Information

How to interpret the readings
Both light and moisture sensors give relative values. Meaning, more moisture will give
you higher reading, more light, lower reading.
Moisture is somewhat linear. I test all sensors before shipping and they give about 290 -
310 in free air at 5V supply.
I didn't measure linearity of the light sensor, it gives 65535 in a dark room away form
desk lamp. When it's dark, it takes longer to measure light, reading the light register
while measurement is in progress will return the previous reading. Be aware, light
sensor is pretty noisy.
Temperature is measured by the thermistor on the body of the sensor. Calculated
absolute measurement accuracy is better than 2%. The returned value is in tenths of
degrees Celsius. I.e. value 252 would mean 25.2°C.

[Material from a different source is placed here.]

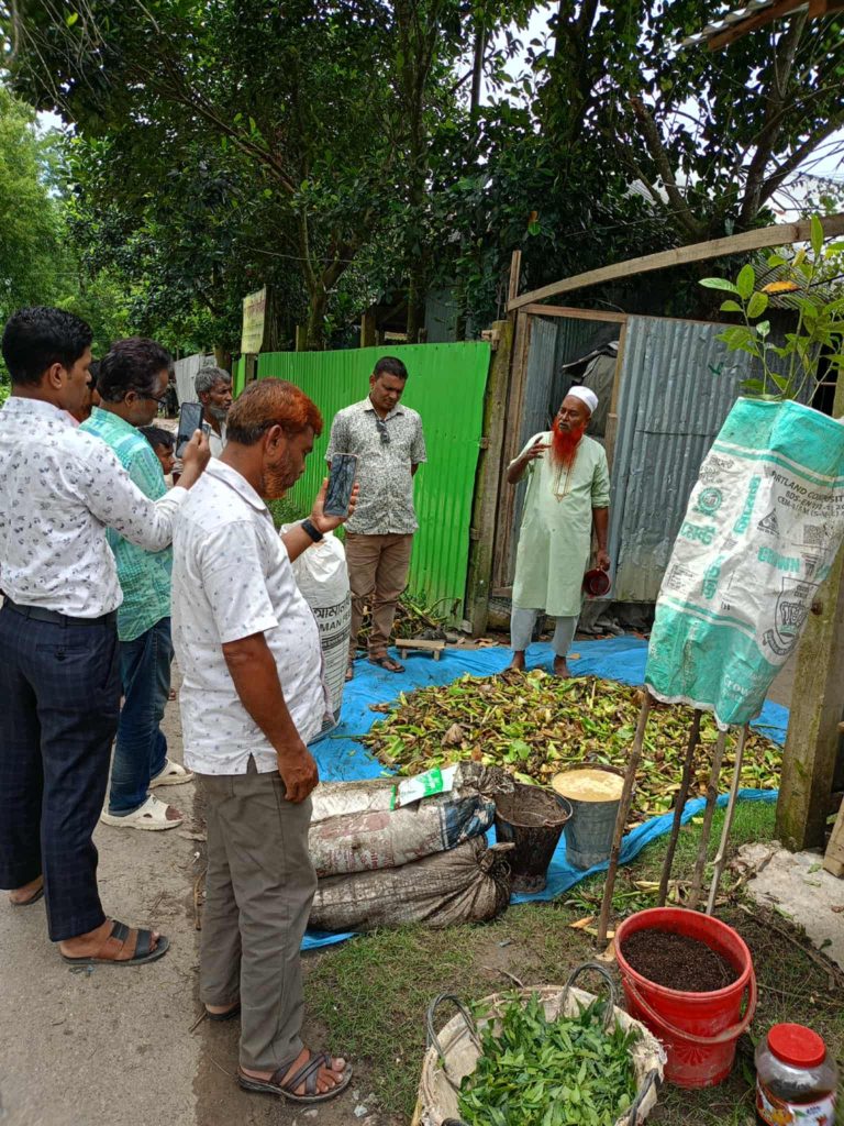 বৃহস্পতিবার (১৪ আগস্ট) দুপুরে বুল্লাবাজার সংলগ্ন নিজ বাড়িতে বিভিন্ন জৈব উপাদানের সমন্বয়ে সার প্রস্তুত করা হয়। উপাদানগুলোর মধ্যে রয়েছে, গোবর, কাঠের গুঁড়া, খৈল, চিটাগুড়, চায়ের পাতা, দেশি মুরগির বিষ্ঠা, নিমপাতা, কচুরিপানা, এবং ট্রাইকোডার্মা পাউডারসহ নানা প্রাকৃতিক উপকরণ।

Note Upon reading the moisture or temperature value, a value form the previous read
command is returned and the new measurement is started. If you do rare
measurements and want to act instantly, do two consecutive readings to get the most
up to date data. Also you can read GET_BUSY register via i2c - it will indicate when the
measurement is done. Basically the process goes like this: read from
GET_CAPACITANCE, discard results, then read from GET_BUSY until you get '0' as
an answer, then read form GET_CAPACITANCE again - the returned value is the soil
moisture NOW.
Controller support
The sensor works fine with Arduino and RaspberryPi. Examples are available
on github page.
Arduino library: https://github.com/Apollon77/I2CSoilMoistureSensor
Raspberry Pi library: https://github.com/ageir/chirp-rpi
Particle proton library: https://github.com/VintageGeek/I2CSoilMoistureSensor
Micropython library: https://github.com/scopelemanuele/pyChirpLib
Thanks guys for writing this software, open source yay!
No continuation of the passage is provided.